Civ.R. 24 (A) provides:

[u]pon timely application anyone shall be permitted to intervene in an action: (1) when a statute of this state confers an unconditional right to intervene; or (2) when the applicant claims an interest relating to the property or transaction that is the subject of the action and the applicant is so situated that the disposition of the action may as a practical matter impair or impede the applicant's ability to protect that interest, unless the applicant's interest is adequately represented by existing parties.

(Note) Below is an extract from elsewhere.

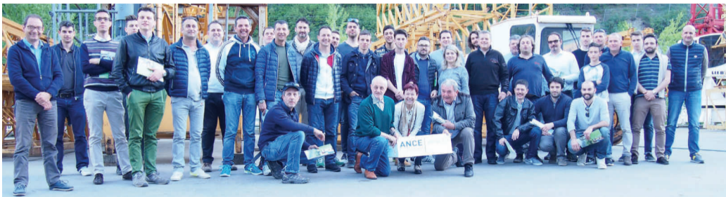
GIOVANI COSTRUTTORI VENETI E NIEDERSTÄTTER un impegno comune

Già da qualche tempo il gruppo Ance Veneto giovani è impegnato nella lotta contro la concorrenza a basso prezzo e poco qualificata. In tale contesto si inquadra la serie di eventi "Ciclo del bello", una serie di conferenze organizzate nelle "Ville Venete" con l'obiettivo di informare i costruttori che incaricare un'impresa seria, alla fine, ripaga sempre. Condividendo tale obiettivo, la Niederstätter spa ha sostenuto l'iniziativa ed invitato i giovani imprenditori di Ance Veneto che a metà aprile sono rimasti in Alto Adige per due giorni. I giovani costruttori hanno visitato un cantiere nei pressi di Bressanone e il centro

The statute does not grant an unconditional right to intervene; thus appellant must show his motion was timely and "* * * (1) that he claims an interest relating to the property or transaction which is the subject of the action; (2) that he is [so] situated that the disposition of the action may as a practical matter impair or impede his ability to protect that interest; and (3) that the existing parties do not adequately represent his interest. * * *" Blackburn v. Hamoudi (1986),29 Ohio App.3d 350, 352. All these conditions must be established to find a right to intervene. The burden of proof is upon the applicant, and the trial court's ruling will not be reversed absent an abuse of discretion. Id. at 352. In reviewing the trial court's denial of a motion to intervene, the proper standard of review is whether the trial court's action constituted an abuse of discretion. Young v. Eqtzitec Real Estate Inv. Fund (1995),100 Ohio App.3d 136, 138, 652 N.E.2d 235; Widder and Widder v.Kutnick (1996), 113 Ohio App.3d 616, 624, 681 N.E.2d 977. The term abuse of discretion connotes more than an error of law or judgment; it implies that the court's attitude is unreasonable, arbitrary or unconscionable. State v. Adams (1980), 62 Ohio St.2d 151,157; Blakemore v. Blakemore (1983), 5 Ohio St.3d 217, 219;Castlebrook, Ltd. v. Dayton Properties, Ltd. (1992), 78 Ohio App.3d 340,346.

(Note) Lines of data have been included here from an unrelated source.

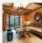
Dining Room 餐厅
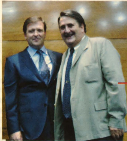
El Consejero de Industria y el vicepresidente de la Cámara, tras la toma de posesión
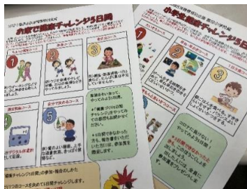
5種類のコースを用意して、自分が取り組みたいものを選ぶ工夫があります。

First, there must be a timely application. Second, the applicant must have a protectable interest relating to the property or transaction which is the subject matter of the action. Third, the applicant must be in a position such that the disposition of the action may, as a practical matter, impair or impede his interest and, finally, the interest must be inadequately represented by the existing parties to the suit. The failure by a prospective intervenor to satisfy any one of the elements in Civ.R. 24 (A) will result in the denial of the right to intervene. Fairview General Hosp. v. Fletcher (1990), 69 Ohio App.3d 827,831.

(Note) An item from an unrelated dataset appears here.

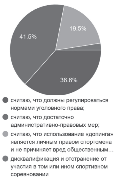
Рис. 2. Какими нормами, по вашему мнению, необходимо регулировать деяния, связанные с использованием «допинга» лично спортсменом?

Между тем последнее обстоятельство настораживает, поскольку, как нам представляется, может стать фактором, способствующим распространению наркомании среди спортсменов.
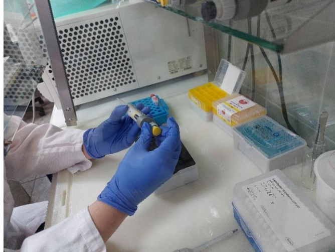
Slika 2. Priprema reakcijske smjese

Genotipizacija HFE izvođena je pomoću uređaja LightCycler® 1.2 Real time PCR System (Roche Diagnostics Ltd., Švicarska) (Slika 3.).

Appellant asserted that the two cases in this consolidated appeal involved common questions of law and fact on claims against the same defendants. The record demonstrates that Case No. 369248 was dismissed on grant of summary judgment in favor of the same defendants on February 16, 1999 because appellant failed to demonstrate an interest in the property pursuant to the statute of frauds and the statute of conveyances and he failed to demonstrate that partial performance of an asserted contract removed the matter from the statutes. Thus, res judicata would act to bar relitigation of appellant's claims in Case No. 371677. Therefore, appellant was unable to demonstrate that he had an interest relating to the property. Accordingly, we find no abuse of the trial court's discretion in its denial of appellant's motion to intervene.

Judgment affirmed.

It is ordered that appellees recover of appellant their costs herein taxed.

The court finds there were reasonable grounds for this appeal.

It is ordered that a special mandate issue out of this court directing the Common Pleas Court to carry this judgment into execution.

A certified copy of this entry shall constitute the mandate pursuant to Rule 27 of the Rules of Appellate Procedure.

KARPINSKI, P.J. and ROCCO, J., CONCUR.